DOHA - China has been admitted to the World Trade Organisation, capping a 15-year drive to join the rules-based trading system.
The move gives foreign companies, from banks to movie studios, a wider opening in the world's most populous market.
China's membership was unanimously ratified by the 142-nation WTO at a meeting in the emirate of Qatar.
The vote makes the country of 1.3 billion consumers the WTO's largest member and provides a boost to the group as it struggles to expand trade.
"The accession of China into the WTO puts the 'world' into the World Trade Organisation," said French Finance Minister Laurent Fabius.

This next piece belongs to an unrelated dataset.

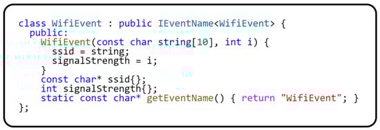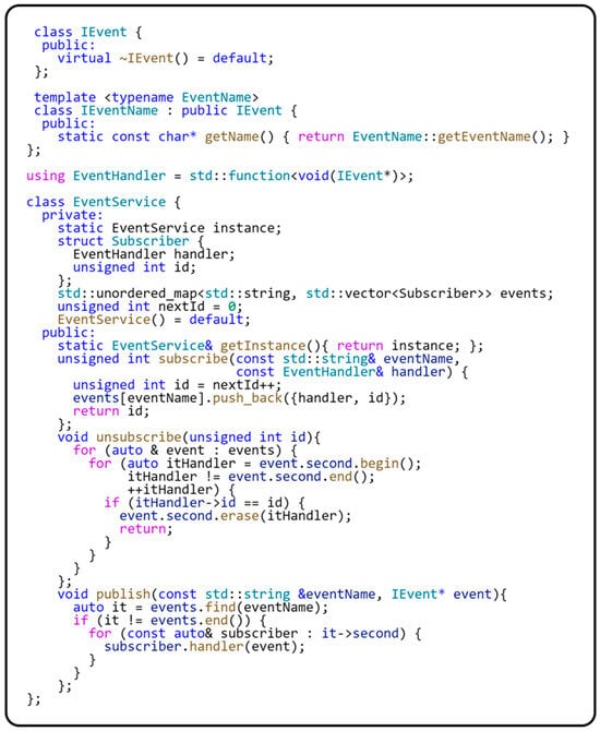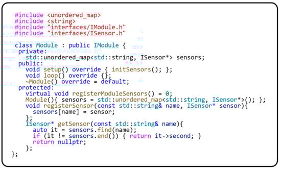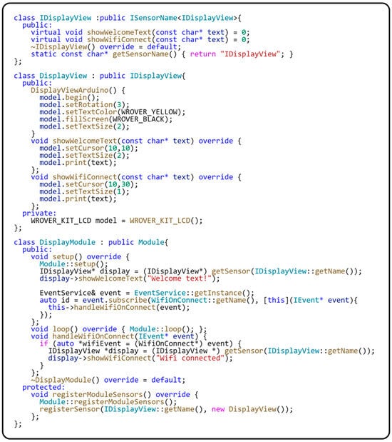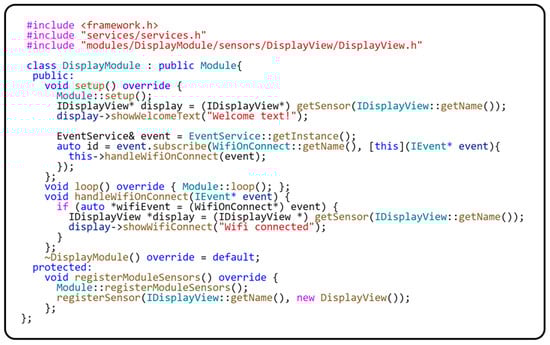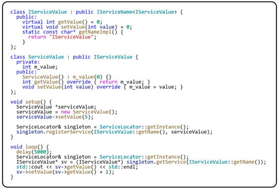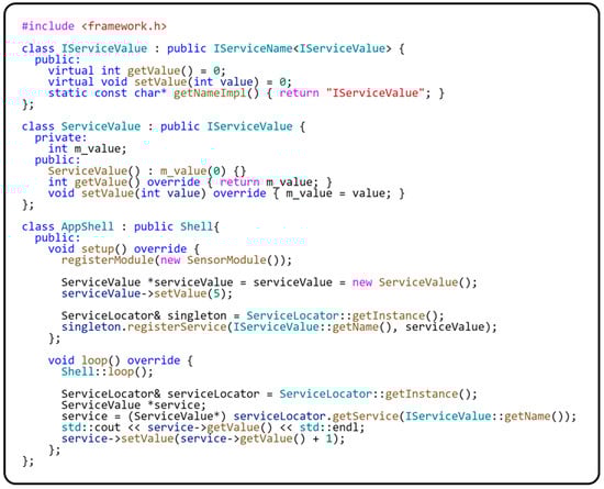 Communication between modules through shared services is another method of interaction in modular systems. Within our framework, the ServiceLocator design pattern is used for this purpose. The section dedicated to implementing SOLID principles on microcontrollers provides a detailed description and implementation of this design. The main advantage of this approach is that it allows modules to access services and resources without the need for a hard dependency on specific implementations of these services. In this way, services can be dynamically exchanged or updated without significant impact on individual modules, greatly increasing the application’s flexibility and scalability. ServiceLocator also enables centralized service management, simplifying the system configuration and maintenance. This design pattern is particularly useful in microcontroller applications, where it is crucial to minimize dependencies and keep software complexity low while maintaining a high level of modularity and testability. The following code in Figure 16 illustrates how easily a shared service can be implemented and registered using our framework.

China's membership, to become official in 30 days, is expected to be followed by Taiwan's admission, bringing China's main political rival yet biggest foreign investor into the Geneva-based WTO.
Companies from Tyson Foods of the United States, the world's biggest chicken processor, to Allianz AG, Europe's second-largest insurer, are among those likely to see business expand as China fulfils pledges to tear down trade and investment barriers.
China's participation in the WTO was assured in September, when the US and European Union set aside differences over American International Group's access to the insurance market and Mexico agreed to limit punitive tariffs on Chinese goods.
For China, stronger competition from foreign companies threatens to force unprofitable companies out of business and cost thousands of jobs, a difficulty acknowledged in Doha by Chinese Trade Minister Shi Guangsheng.
"This will inevitably exert a widespread and far-reaching impact on China's economy and on the world economy in the new century," Shi said.
The vote ensures that at least some good news will come out of the WTO meeting in Doha, which is intended to start the process of dismantling trade and investment barriers in industries from food to finance to architectural services.
Disputes among the US, EU, Japan and developing countries over food-export subsidies, patent protection and environmental regulations threaten to derail the talks.